Some questions about Ray on Kubernetes

Hello, I just wanted to clarify a few things about the usage of Ray clusters on K8s.

  1. If there’s only one worker type, would you recommend having multiple worker pods on the same K8s node, or is it preferable to set it up in such a way that only one worker pod gets scheduled on each K8s node? For example, is it better to have 2 pods with 7GB and 2vCPU each on a 15GB, 4vCPU machine; or 1 pod with 15GB, 4vCPUs on the same machine type.
  2. How many Ray clusters is the Ray operator able to manage? If we use a cluster-scoped Ray operator and deploy Ray in n namespaces, at what value of n (roughly – 10, 50, 100, etc) would the operator start facing issues? Assuming each Ray Cluster is actively in use and can scale from 1-50 pods each. And is the scaling concurrent when it deals with so many ray clusters at once?
  3. This is more of a general Ray cluster question, how many resources should the head node be assigned if we ensure that no user task gets scheduled on it by making rayResources zero? Or in other words, what could cause heavy memory or CPU usage in the head node? Heavy scaling activity? Lots of data stored in the object store? The concern here is that the head node resource usage might shoot up when more worker pods get added to the Ray cluster.
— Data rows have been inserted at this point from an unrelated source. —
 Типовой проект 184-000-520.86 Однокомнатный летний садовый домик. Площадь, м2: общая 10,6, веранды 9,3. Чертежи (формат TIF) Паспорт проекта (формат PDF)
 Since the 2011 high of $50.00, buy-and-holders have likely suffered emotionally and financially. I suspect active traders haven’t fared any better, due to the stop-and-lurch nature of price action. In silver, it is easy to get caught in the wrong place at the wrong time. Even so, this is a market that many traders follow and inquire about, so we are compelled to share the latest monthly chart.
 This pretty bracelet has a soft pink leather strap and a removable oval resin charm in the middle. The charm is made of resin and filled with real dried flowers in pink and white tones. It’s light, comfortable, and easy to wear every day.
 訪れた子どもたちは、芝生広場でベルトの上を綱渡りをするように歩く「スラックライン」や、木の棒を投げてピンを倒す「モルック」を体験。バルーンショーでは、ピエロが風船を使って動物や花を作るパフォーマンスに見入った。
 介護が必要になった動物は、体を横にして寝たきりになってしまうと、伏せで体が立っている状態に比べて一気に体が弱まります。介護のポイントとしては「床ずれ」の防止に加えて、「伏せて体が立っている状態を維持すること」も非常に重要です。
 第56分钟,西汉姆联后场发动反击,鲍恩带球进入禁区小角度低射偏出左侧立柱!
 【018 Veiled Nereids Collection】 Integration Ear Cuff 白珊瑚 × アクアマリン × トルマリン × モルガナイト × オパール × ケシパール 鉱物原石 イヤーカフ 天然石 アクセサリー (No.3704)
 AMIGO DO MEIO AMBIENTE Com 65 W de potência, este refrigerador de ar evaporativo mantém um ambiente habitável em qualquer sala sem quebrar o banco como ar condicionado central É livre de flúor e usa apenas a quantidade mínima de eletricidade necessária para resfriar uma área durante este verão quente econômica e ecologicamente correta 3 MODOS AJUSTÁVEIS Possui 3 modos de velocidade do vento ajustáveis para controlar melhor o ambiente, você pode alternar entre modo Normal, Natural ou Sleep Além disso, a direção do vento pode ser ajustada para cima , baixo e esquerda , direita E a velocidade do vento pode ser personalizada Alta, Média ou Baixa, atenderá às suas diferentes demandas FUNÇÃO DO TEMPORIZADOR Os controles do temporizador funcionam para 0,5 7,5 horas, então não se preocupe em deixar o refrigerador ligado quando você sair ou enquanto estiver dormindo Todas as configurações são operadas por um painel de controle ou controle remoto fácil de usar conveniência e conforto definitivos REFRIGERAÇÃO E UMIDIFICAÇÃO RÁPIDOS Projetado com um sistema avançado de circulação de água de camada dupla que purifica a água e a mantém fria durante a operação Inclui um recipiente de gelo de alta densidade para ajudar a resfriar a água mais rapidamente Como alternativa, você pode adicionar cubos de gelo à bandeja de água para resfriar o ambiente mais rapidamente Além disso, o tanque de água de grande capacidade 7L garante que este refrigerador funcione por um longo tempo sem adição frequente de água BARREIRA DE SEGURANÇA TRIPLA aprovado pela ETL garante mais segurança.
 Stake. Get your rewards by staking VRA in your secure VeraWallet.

So a resource allocation for the head node that works during testing might break in production when dealing with a high number of worker pods.
  4. Considering that losing the Ray head node will cause the entire Ray cluster to restart, it sounds to me that the head alone might be better off being scheduled on an on-demand node (not spot). This is probably a huge stretch, but is there any possibility of setting up a fault-tolerant head node? If not, is something like that in Ray’s roadmap? (Leader election, etc)

@Dmitri @Alex could you help out here?

1 Like
  1. It’s better to have one Ray pod per node.
  2. I’d actually recommend running namespace-scoped operators with at most 10 Ray clusters per namespace.
  3. You should annotate the head node as being a 0 CPU Ray node for large Ray clusters.
  4. I believe having an HA head node is on the roadmap for Ray, @Alex knows more about that.
1 Like

Totally agree with everything Dmitri said, and will also point you to the deployment guide for more details: Ray Deployment Guide — Ray v1.8.0

There’s work being done to make the head node fault tolerant and to improve fault tolerance in general. For now, if your’e looking for fault tolerance, I’d recommend doing it at the application/library level. For example, Serve supports fault tolerant deployments and Tune and Ray Train support checkpointing based fault tolerance.

1 Like